Mistakes and Incorrect Assumptions
The most notable mistake in the chain leading to this message was the initial CUDA_HOME=/dev/null workaround. The assistant assumed that FlashInfer's get_cuda_version() function was only used for the SM120 compatibility check, not realizing that the same CUDA_HOME path was also used by the JIT compilation pipeline. This is a common type of error in complex software systems: a single environment variable can affect multiple subsystems in unexpected ways.
Another subtle issue is that the monitoring loop doesn't distinguish between "service is still loading" and "service is stuck." Both states produce the same "loading..." output. If the service had hung (e.g., due to a deadlock in the model loading code), the loop would have waited the full 20 minutes before timing out, without any indication that something was wrong. A more robust implementation might include a progress indicator (e.g., checking if the log file has been updated recently) or a secondary health check (e.g., checking GPU utilization via nvidia-smi).
The Broader Significance
This message, for all its apparent simplicity, captures a critical moment in the deployment pipeline. It is the boundary between debugging and production: the moment when the assistant stops fixing problems and starts waiting to see if the fixes were sufficient. The 11-minute wait is the hidden tax of deploying on new GPU architectures—the cost of compiling kernels that no one has compiled before, for a combination of hardware (Blackwell SM120) and software (CUDA 13.0, FlashInfer 0.6.8, SGLang nightly) that may never have been tested together.

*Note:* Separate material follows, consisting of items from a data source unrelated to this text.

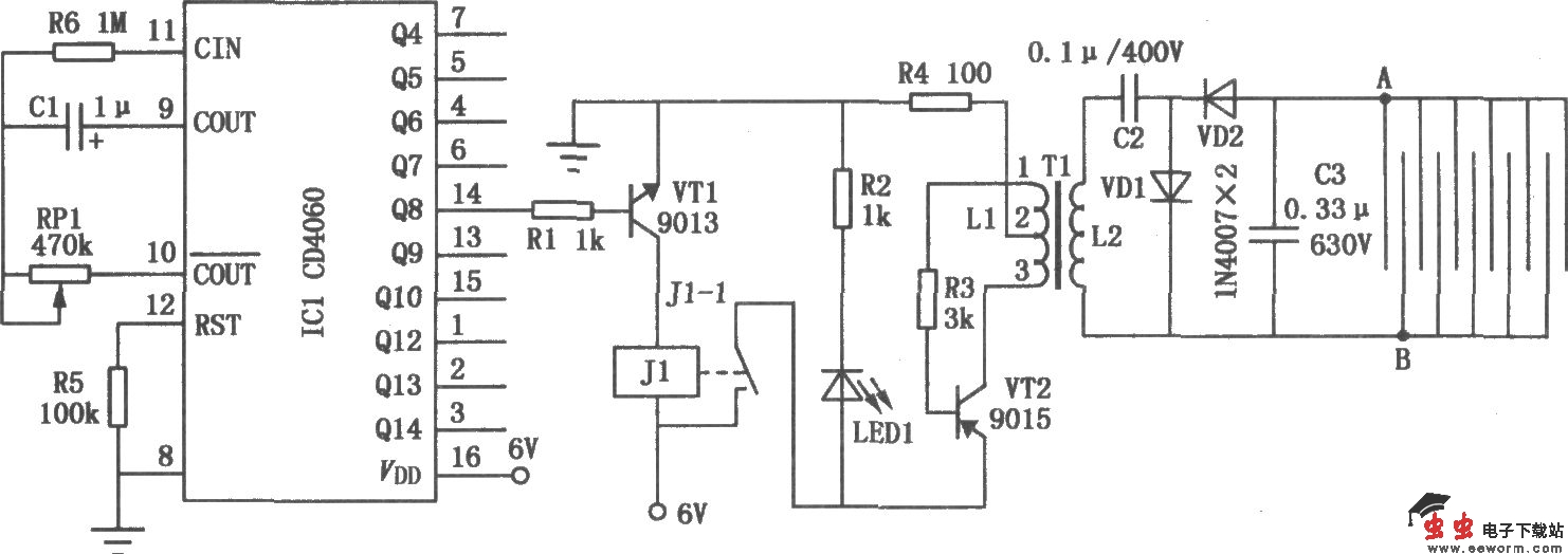 间歇式蟑螂杀灭器的电路如图所示。它主要利用直流高压电来杀灭蟑螂。但由于蟑螂对电场比较敏感,不敢爬上带高压的电网,故电路中的高压采取间歇产生的方式。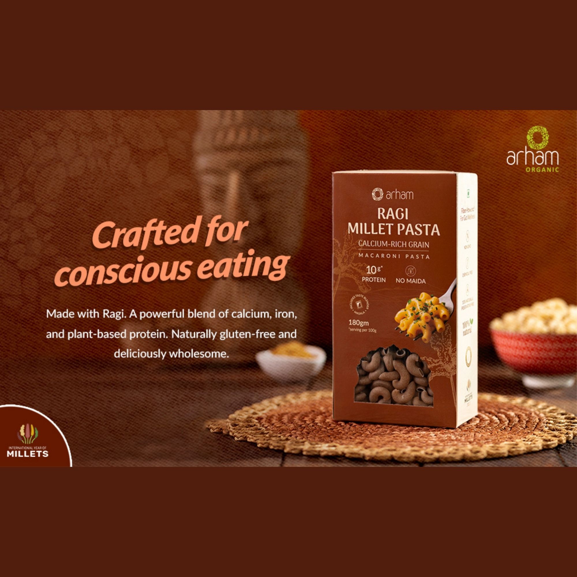 Arham Organic Ragi Millet Pasta brings the goodness of finger millet to your plate, combining ancient nutrition with modern taste. Rich in calcium and plant-based protein, this pasta supports bone health while offering gluten-free comfort in every forkful.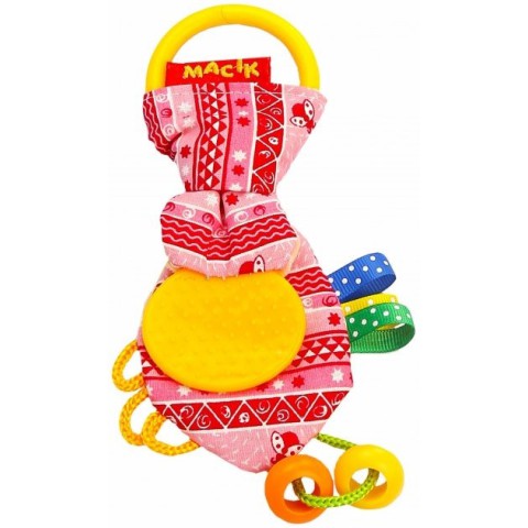 Забавка - це сама незамінна іграшка для маленького дослідника світу. Малюк не захоче з нею розлучатися ні на секундочку.А весь секрет Забавки полягає в тому, що у неї є маса потішних вузликів і петельок, шарудіння і пищалка, а також «смачний» прорізувач.Завдяки натуральним тканинам найвищої якості вона дуже м'яка і ніжна, як мамині руки. Іграшка прекрасно переносить щадне прання і швидко сохне. Також забавка має роз'ємне кільце для зручного кріплення на ліжечко, коляску або автокрісло.Склад: бавовняна тканина; різнофактурні матеріали; швейна фурнітура; звукові елементи; холлофайбер.Розмір: 9 × 16 × 1 см.Розмір в упаковці: 16 × 23 × 2 см.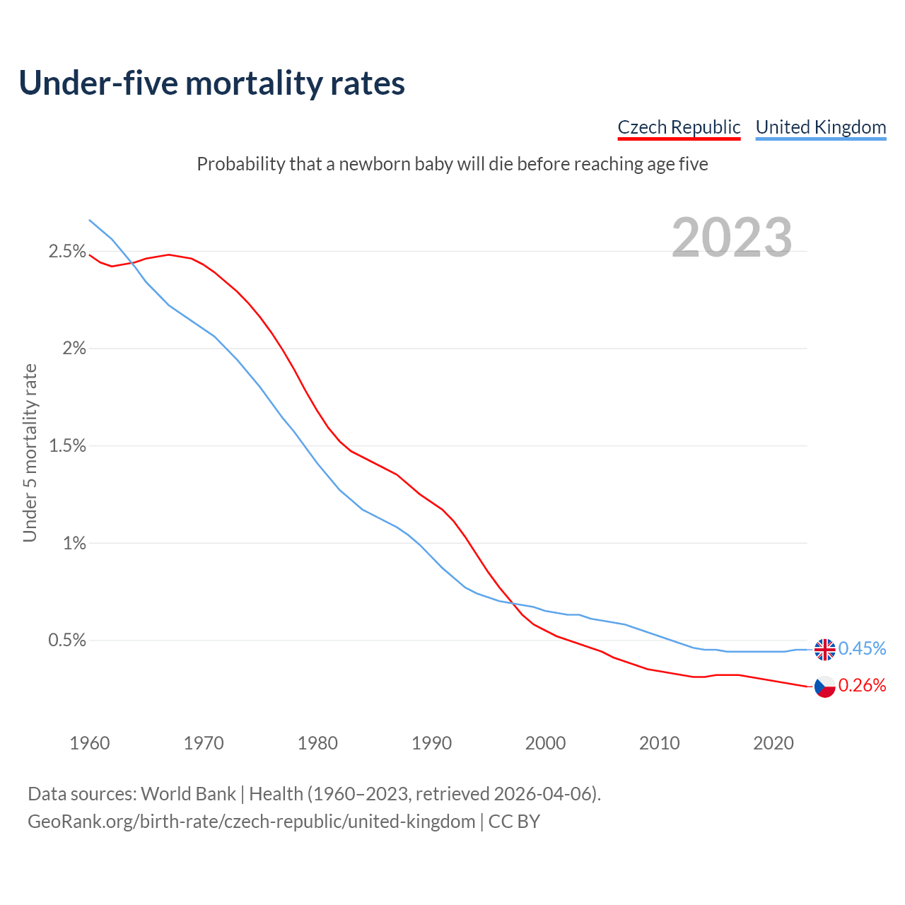 The chance that a newborn baby will die before reaching age five is 0.26% in the Czech Republic and 0.45% in the United Kingdom. Above is a chart with historical data on under-five mortality rates.

In a production environment, this 11-minute startup would be unacceptable. The solution would be to pre-compile the JIT kernels and distribute them with the deployment artifacts, or to use a container image with pre-warmed caches. But in a development and debugging context, the 11-minute wait is a necessary investment: it confirms that the entire software stack is compatible and functional, paving the way for the benchmarking and optimization work that follows.
The message also demonstrates a key principle of robust automation: always verify. After every fix, the assistant runs a verification step. The monitoring loop is the verification for the CUDA toolkit fix. It's not enough to install the right packages and restart the service—one must wait and confirm that the service actually serves requests. This principle, applied consistently throughout the session, is what allows the assistant to make progress through a maze of interconnected failures.